# [TASK GOAL]
Beginning at the line that holds "Костюм домашний из", transcribe each line exactly through the end of the records, and leave any pictures out.

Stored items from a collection
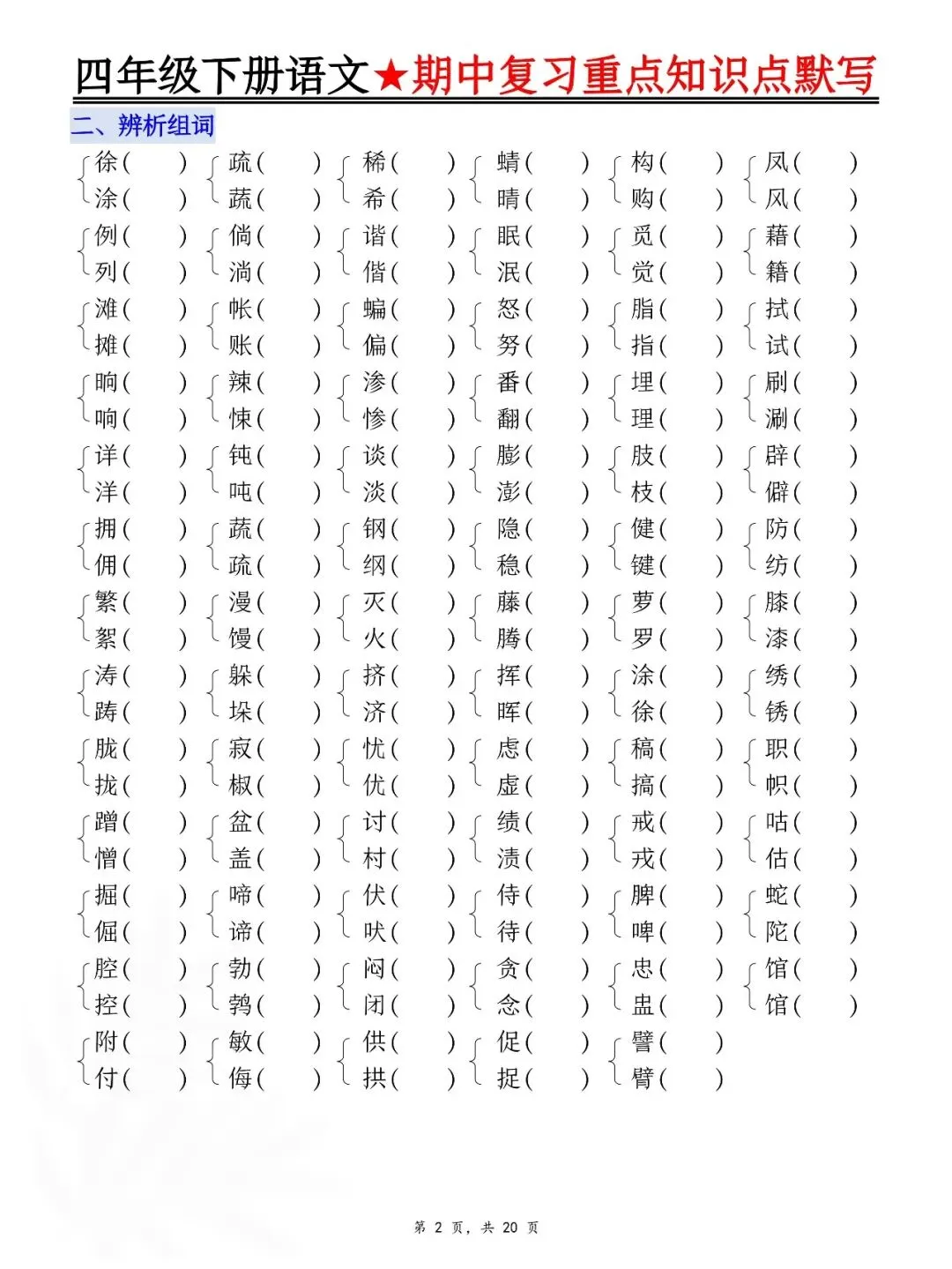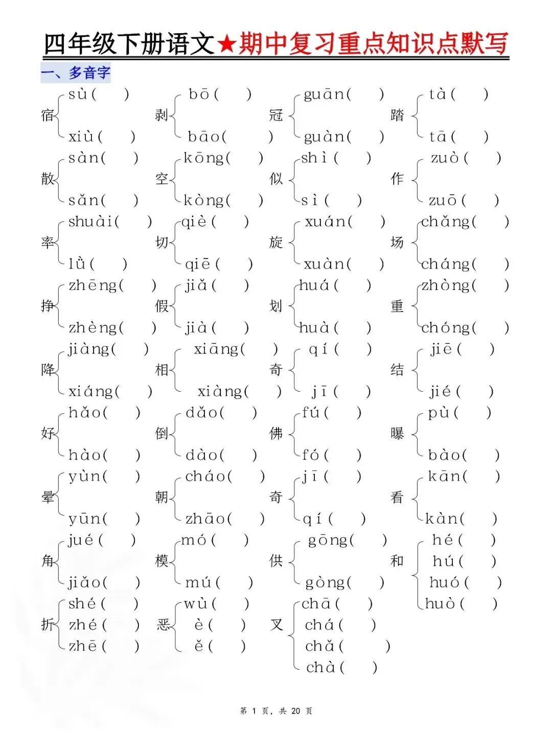 新版四下语文期中复习重点知识点默写(含答案20页),电子版可下载可打印,这份资料包含了多音字、辨析组词、动词与修饰语填空、近反义词、特殊词语、仿写造句、课文复习要点以及必背古诗文等内容,帮助孩子系统梳理四年级下册语文期中考试的重点知识。需要的家长抓紧打印出来,让孩子练一练吧。💯
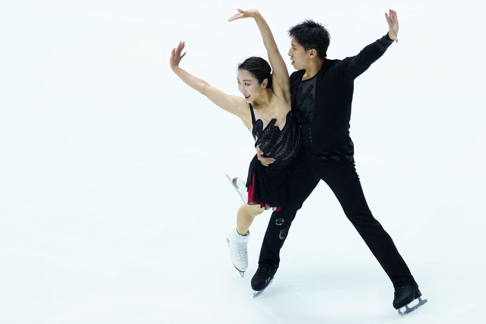 11月7日,中国组合隋娴静(左)/韩聪在双人滑短节目角逐中。赛隋首日事他们以74.63分的娴静新往下场位列第一位。新华网记者 贾浩成 摄
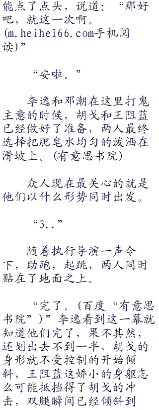 这时,王阻蓝向执行导演问道:“我们是一个个的下去还是一起下去?”
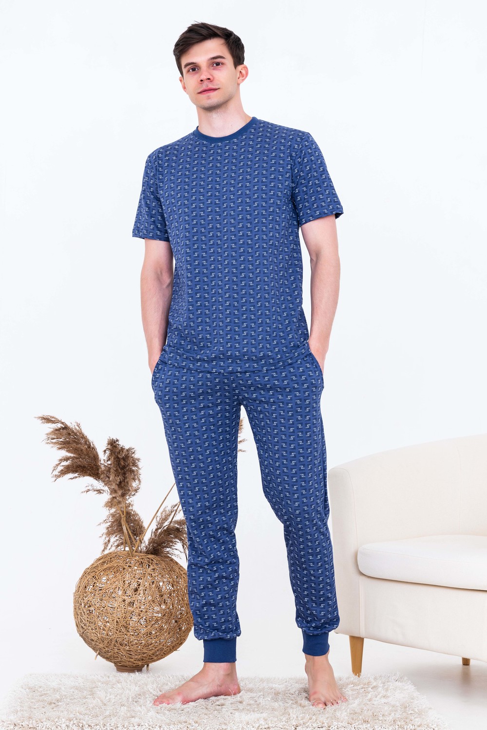 Костюм домашний из 100% хлопка. Очень уютный и удобный. Горловина и манжеты брюк выполнены из эластичной резинки-кашкорсе. Благодаря наличию лайкры в манжетах после стирки они не вытягиваются. Карманы в боковых швах брюк. Пояс на плотной резинке 2 см. Костюм можно с удовольствием носить на любимой даче.
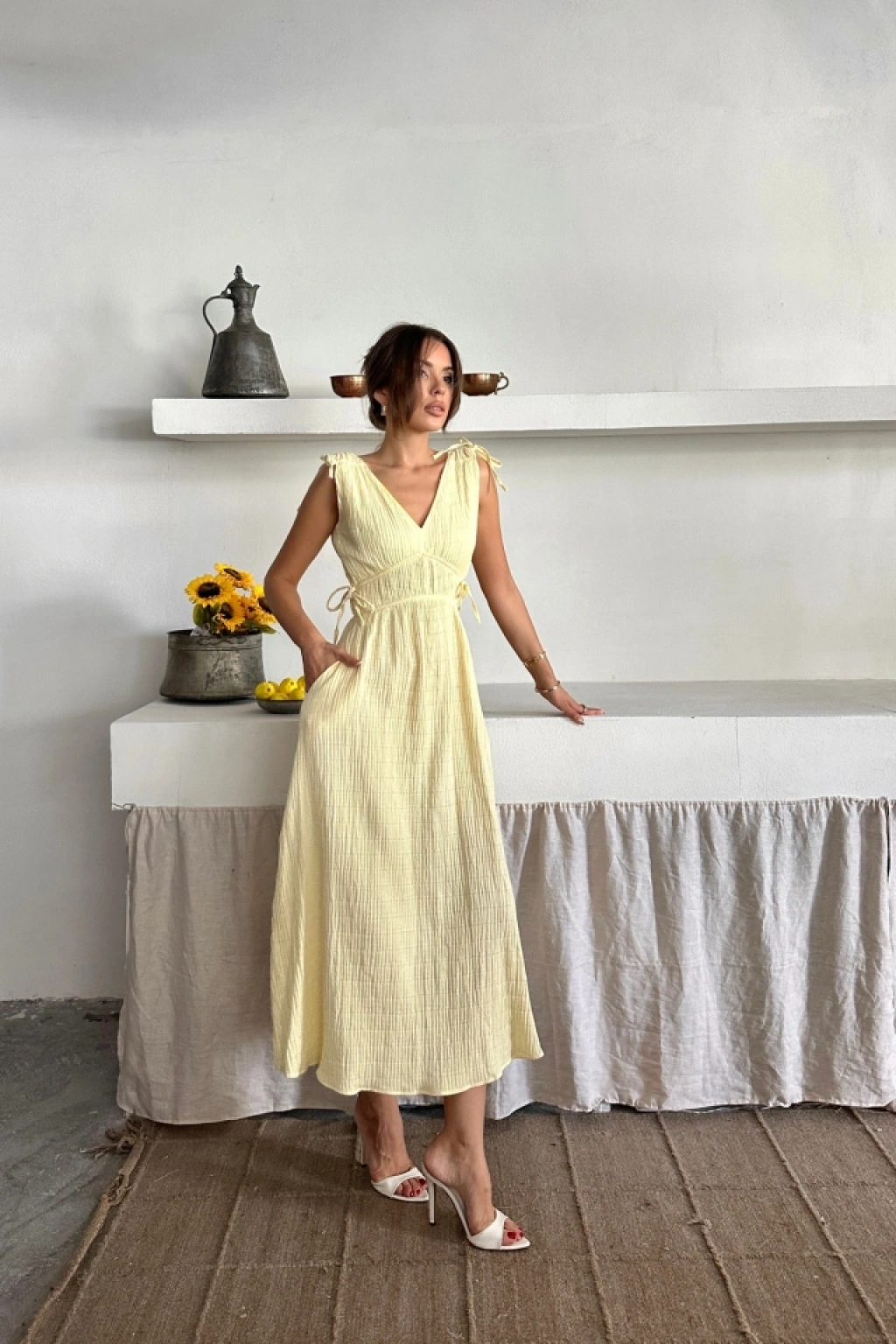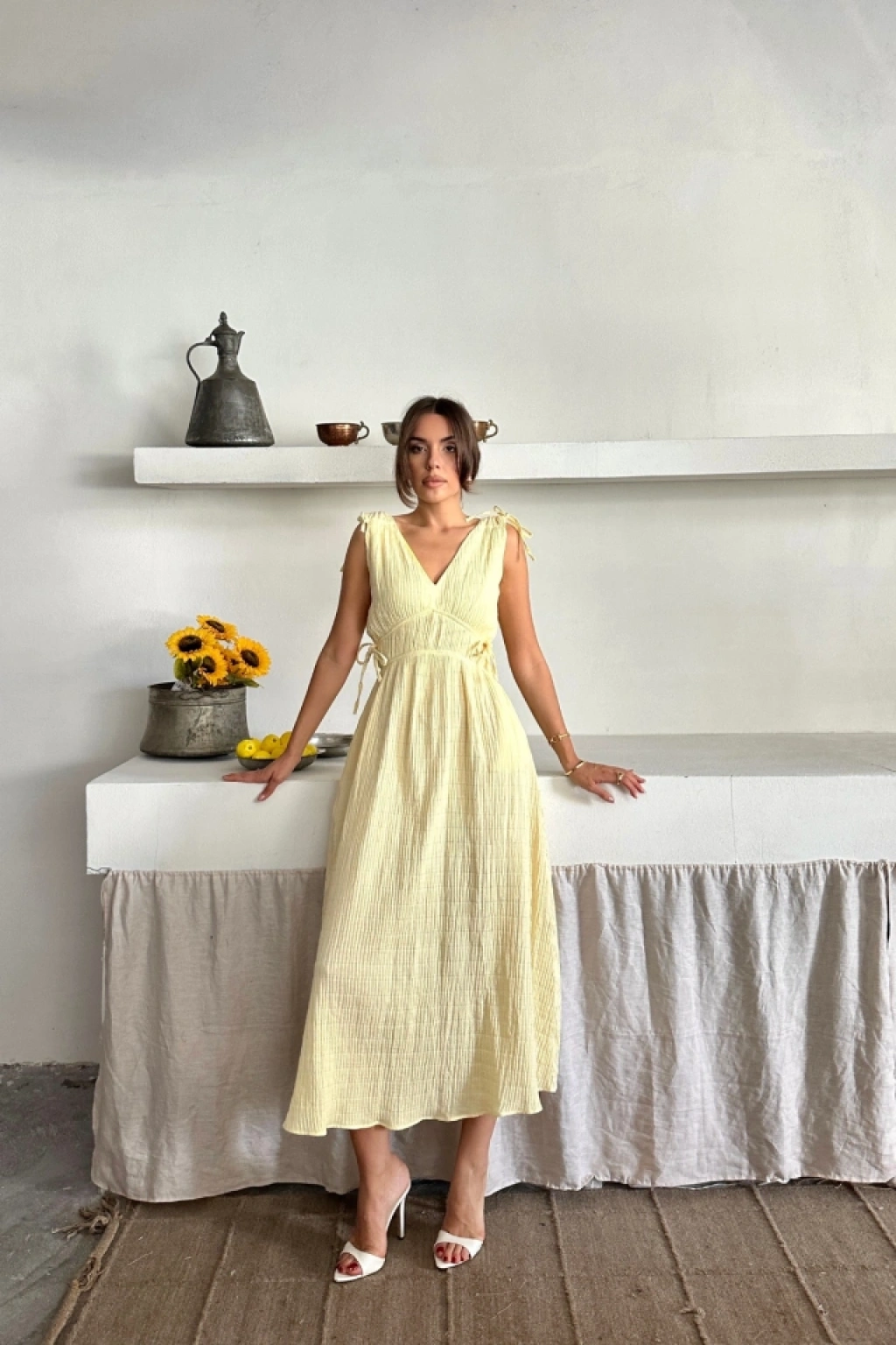 MÜSLİN ELBİSE OMUZ BÜZGÜ DETAYLI V YAKA KOLSUZ ELBİSE - Sarı

# [ANSWER BOX]
 Костюм домашний из 100% хлопка. Очень уютный и удобный. Горловина и манжеты брюк выполнены из эластичной резинки-кашкорсе. Благодаря наличию лайкры в манжетах после стирки они не вытягиваются. Карманы в боковых швах брюк. Пояс на плотной резинке 2 см. Костюм можно с удовольствием носить на любимой даче.
 MÜSLİN ELBİSE OMUZ BÜZGÜ DETAYLI V YAKA KOLSUZ ELBİSE - Sarı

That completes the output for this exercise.